- Coordinates: 43°32′31″N 1°24′31″E﻿ / ﻿43.54194°N 1.40861°E
- Location: Portet-sur-Garonne, Haute-Garonne
- Built by: French Third Republic
- Operated by: French Third Republic, Vichy France
- Operational: February 1941-September 1942

= Camp du Récébédou =

Internment camp in Portet-sur-Garonne, France

Camp du Récébédou was an internment camp for Spanish Republicans and Jews, in existence from February 1941 until September 1942, located in the municipality of Portet-sur-Garonne, south of Toulouse.
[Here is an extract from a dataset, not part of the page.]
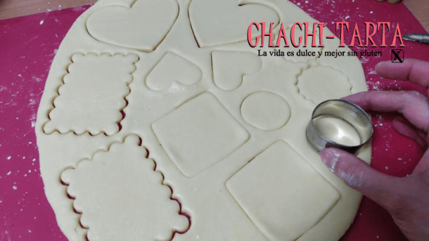 Puesto que las galletas sin gluten suelen ser un poco más quebradizas de lo normal (al menos con la harina que yo uso, la Schar Mix C) lo que recomiendo es no dejarlas demasiado finas a la hora de extender, su grosor debería ser de aproximadamente 1 cm; además al momento de sacar del horno no intentar quitarlas de la bandeja enseguida sino esperar un poco a que se temple, no solo por el hecho de que te puedes quemar las manos sino también porque al estar recién horneadas son más frágiles y se les pueden formar grietas.

Internees were transported by train via Drancy to Auschwitz, and other extermination camps.

== History ==
=== Récébédou area ===
Around 1560, the land of Jehan de Gilbert, who was the receiver of judgments in Rivière Verdun, that was known locally as "farm of the receiver" (in Occitan: borda del recevedor or "bordo del récébédou"). The land, situated on the banks of the Garonne consisted mainly of farmland and forest, has retained the name. During the French Revolution, the land was confiscated as Biens nationaux ("for the good of the nation") and in 1791 acquired by a Toulouse innkeeper Daumont, who renovated the buildings of the farm, which became the castle of Clairfont.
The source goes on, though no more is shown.